4 Eylül 2013 Çarşamba

Beşiktaş sosyalizmi

Eskiden “Sosyalist bilinç” vardı, şimdiyse “Sosyalist Biliç”.
Beşiktaş’ın hocası Slaven Biliç ne demiş:
Buradaki felsefe, güç halkındır.
Oyunculara bunu anlatmaya çalışıyorum.”
Bununla da kalmamış, şöyle devam etmiş:
“Takımda zenginler ve fakirler yok, sınıflar yok.
Halkın desteği var.
Sınıfları ortadan kaldırarak, gücü halka vermeye çalışıyoruz.”
Sonunu da süper bağlamış:
“O bakımdan sosyalist bir takım yaratıyorum diyebilirim.”
Neden olmasın, sosyalizmin sırrına nihayet milletçe varırız belki bu sayede.
Biliç sayesinde!
Slaven Biliç, Yugoslavya’da yetişmiş son kuşağın temsilcisi.
Bir zamanların huzurlu ve müreffeh ülkesi, sosyalist Yugoslavya’da…
Haliyle, spora ve hayata soldan bakıyor.
Ayrıca rock albümleri var.
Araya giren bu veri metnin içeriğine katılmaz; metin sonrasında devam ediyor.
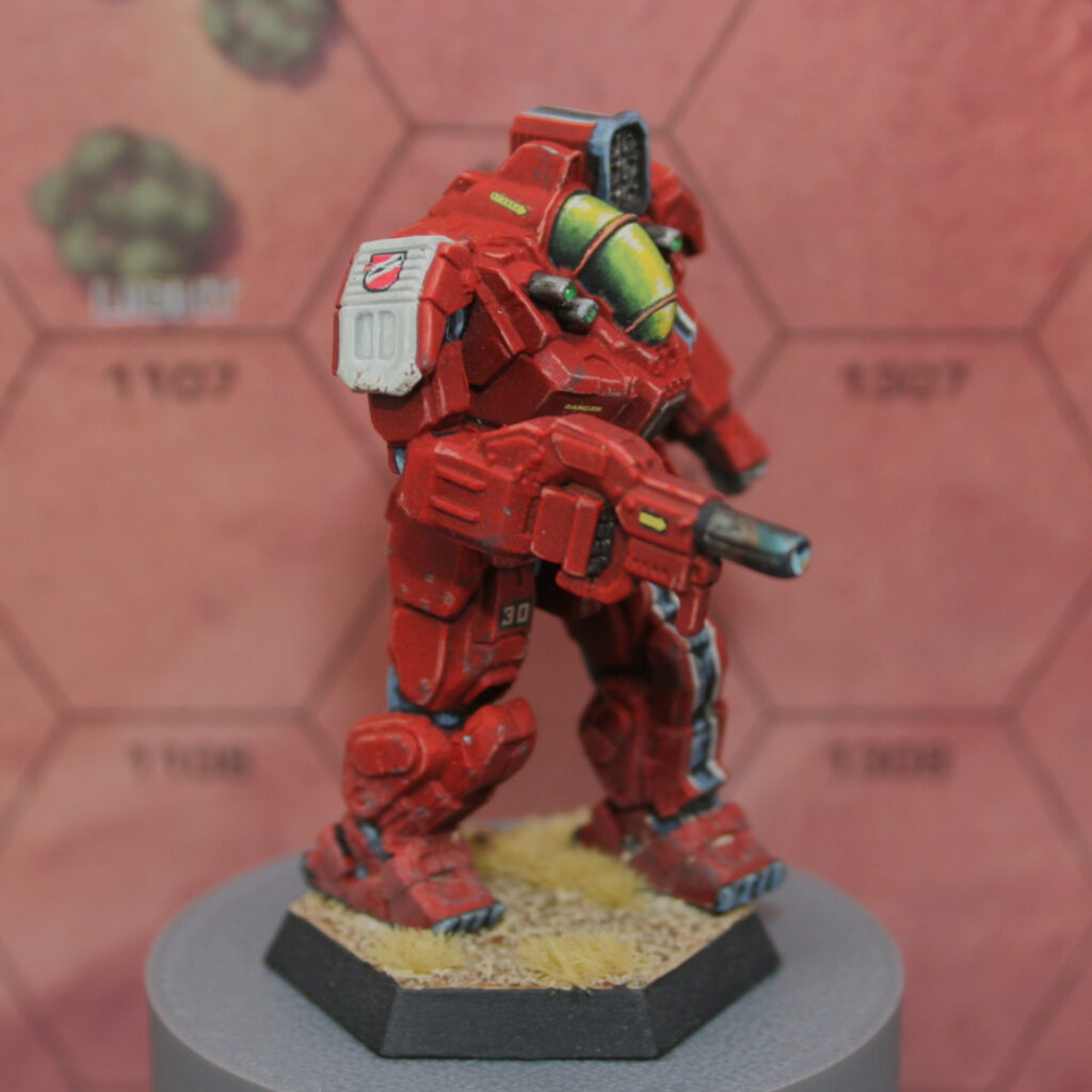 The LCG employ a red paint scheme, with a black stripe down the left torso and leg on ‘Mechs, and across the left side of vehicles and fighter craft. Insignia: The LCG’s insignia is a diagonal black stripe over white on a red shield, overlaid with a horizontal saber. The Thirty-Second Recon’s insignia is a rabbit jumping over a crater on a blasted landscape. The insignia for the 241st Battle is a crossed torch and sword on a black background with a pair of red eyes staring out from the black. The 180th Dragoon’s insignia is a war hammer set upon a rising sun. Per FM: Mercenaries Supplemental, pages 46-49.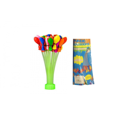Csapra vagy kerti locsolóra illeszthető 37 db-os vizibomba szett. A lufikba vizet töltve egy mozdulattal rengeteg muníciót készíthetünk amellyel kezdődhet a csata! A szett tartalma egy 37-es vízibomba töltés egyszerre ! Mérete:13x25x5 cm

Rock da genellikle sol şeritten gider, malum.
Slaven varken teoriye gerek yok!
Kendisi sosyalizmin en naif hali…
Hani o modası geçti denen sosyalizmin…
Bizde her zaman tu kaka olan sosyalizmin…
Tabii “Halkın takımı” Beşiktaş hemen sevdi Biliç’i.
Onu ve gitarını, “Çarşı”dan biriymiş gibi bağrına bastı. 
“Sosyalizm nedir, ne değildir?” sorusuna cevaben, bugüne kadar ciltler yazılmış. Daha da yazılır.
Eskiden “tu kaka” diyenler de şimdi “demode” diyor sosyalizme;
onu gerektiren şartlar ortadan kalkmış gibi.
Geçenlerde ülkemizi ziyaret eden Marksist kuramcı Terry Eagleton ise şöyle dedi: “Sosyalizm, insanın başkalarının mutluluğuyla mutlu olmasıdır.”
Yani “boş ver başkalarını aslan, sen kendini kurtarmaya bak!” diyen egoizmin tam tersi.
Herkes sırf kendini düşündüğü zaman, takımların hali malum… Futbolcular yalnızları, taraftar da mutsuzları oynuyor.
İşte bizim milli takım.
Beşiktaş ise Biliç gelince silkiniverdi.
Tribünlerle bütünleşti, üç maçının üçünü de aldı.
Artık siyah-beyazlı futbolcuların ve tribünlerin birbirlerinin mutluluğuyla mutlu olabildiğini görmek mümkün…
Bu ruh halinin zıddını da yazar Murat Menteş söylüyor:
“Yobaz, bir başkası mutlu olacak diye aklı çıkan kişidir!”
Yani bir tarafta başkasının mutluluğuyla mutlu olanlar, diğer tarafta başkası mutlu olacak diye korkanlar.
Ortada da “bana ne kardeşim, ben kendi dalgama bakarım!” diyenler.
Şike gölgesindeki futbolumuzun şu zor günlerinde, Beşiktaş seçimini yaptı.
Bu gidişle diğer camialar da yapmak zorunda kalacak.
Hatta belli mi olur, belki de onca aydının yıllarca anlatamadığını Biliç anlatmayı başarır bize.
Başkasının mutluluğuyla mutlu olmak neymiş, görmüş oluruz!